REQUIRED WORK: Give the listing again word for word. Skip the pictures.

DATA PROVIDED:
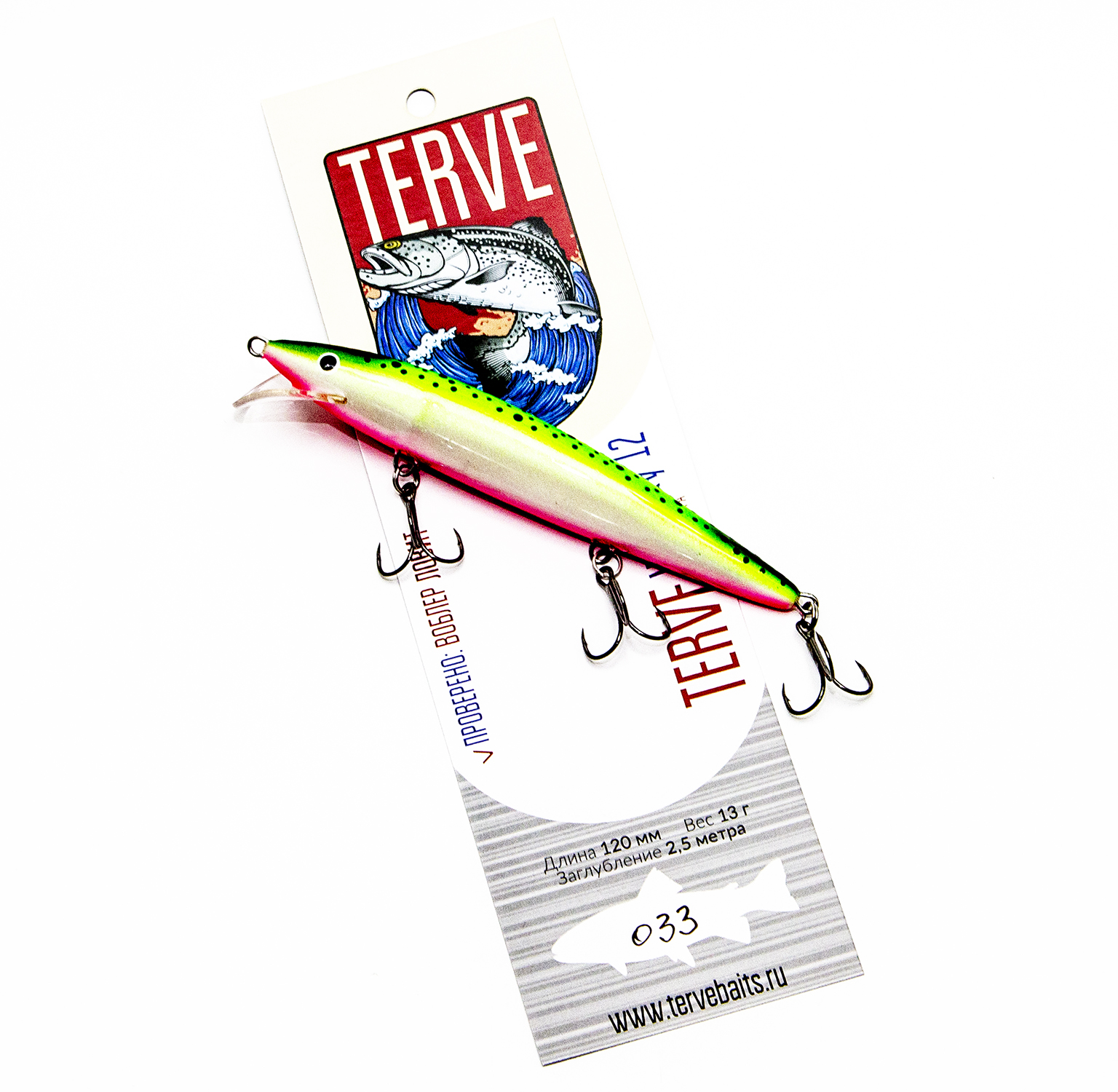 В ходе практических испытаний была установлена высокая стабильность работы Terve Whacky на протяжении всего сезона открытой воды. Об универсальности этой приманки много говорит то, что воблер ещё на этапе предсерийных испытаний отлично ловил совершенно разных хищников на очень разных и отдалённых друг от друга водоёмах - щуку, судака, окуня, лосося, кумжу, палию. Очень быстро стало понятно, что Terve Whacky 12 срочно нужно запускать в серийное производство.
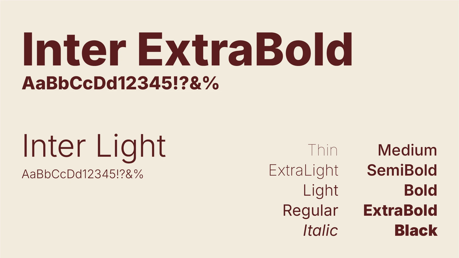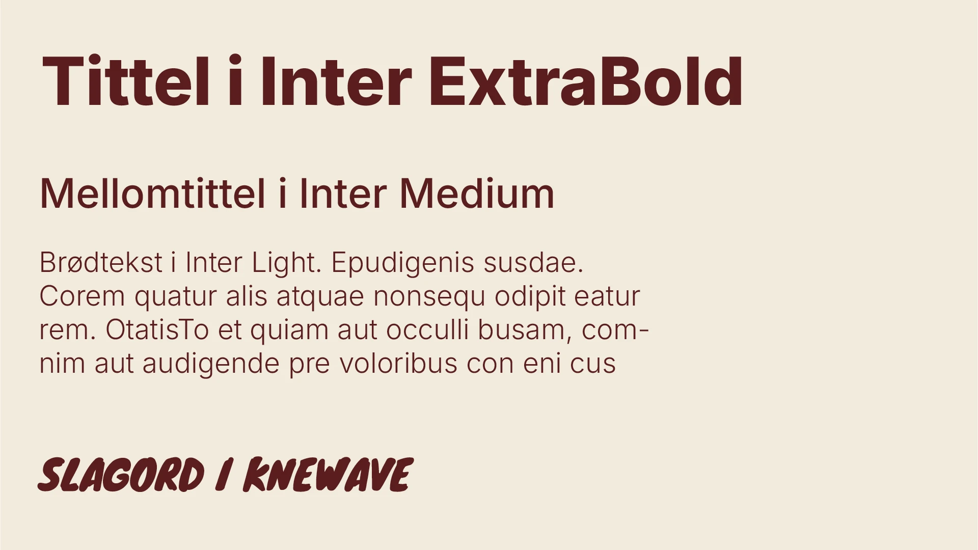 Sosial Ungdom bruker primært Google-fonten Inter, som også ligger i Canva. Den har flere vekter, men det er hovedsakelig ExtraBold som brukes i titler. I lengre mellomtitler og ingresser brukes vekten Medium, mens Light brukes til brødtekst. Det lurt å bruke lik linjeavstand. Bruk linjeavstand 1.2 i Canva.
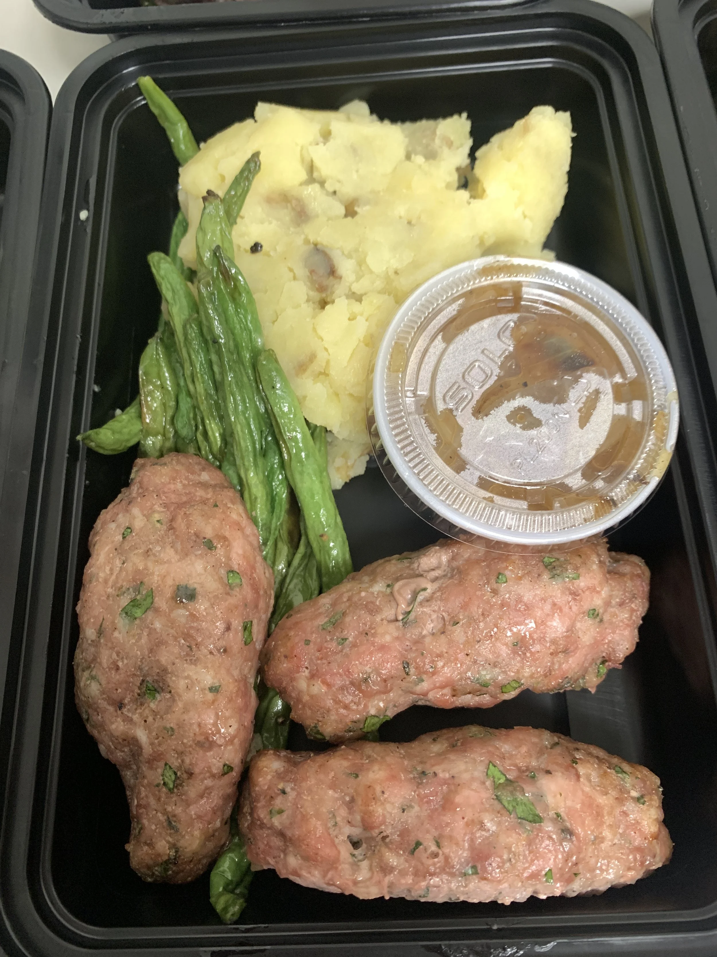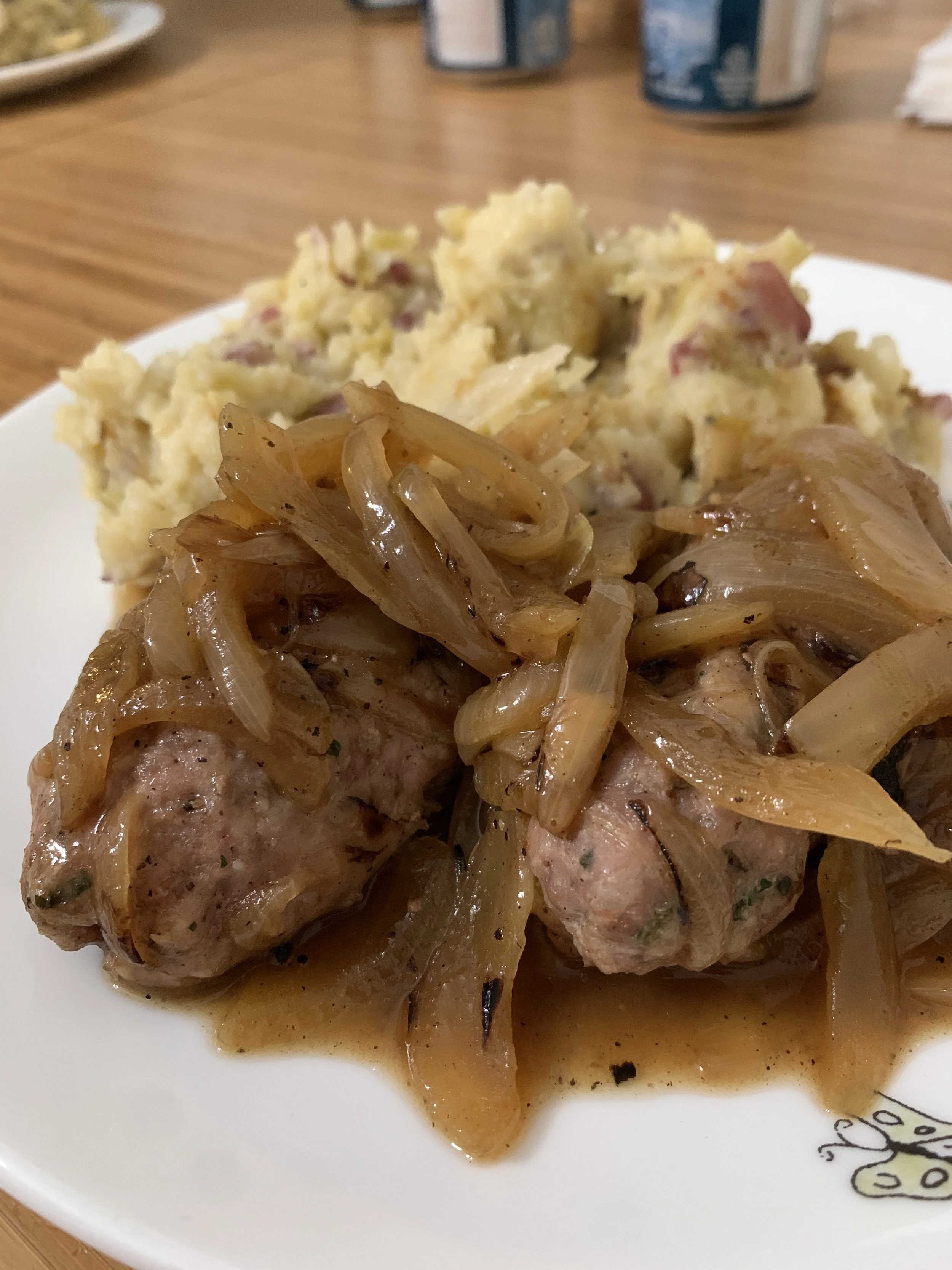 - housemade sausage patties with traditional banger spices, KM mashed potato/cauli blend, onion gravy, green beans

ANSWER SECTION:
 В ходе практических испытаний была установлена высокая стабильность работы Terve Whacky на протяжении всего сезона открытой воды. Об универсальности этой приманки много говорит то, что воблер ещё на этапе предсерийных испытаний отлично ловил совершенно разных хищников на очень разных и отдалённых друг от друга водоёмах - щуку, судака, окуня, лосося, кумжу, палию. Очень быстро стало понятно, что Terve Whacky 12 срочно нужно запускать в серийное производство.
 Sosial Ungdom bruker primært Google-fonten Inter, som også ligger i Canva. Den har flere vekter, men det er hovedsakelig ExtraBold som brukes i titler. I lengre mellomtitler og ingresser brukes vekten Medium, mens Light brukes til brødtekst. Det lurt å bruke lik linjeavstand. Bruk linjeavstand 1.2 i Canva.
 - housemade sausage patties with traditional banger spices, KM mashed potato/cauli blend, onion gravy, green beans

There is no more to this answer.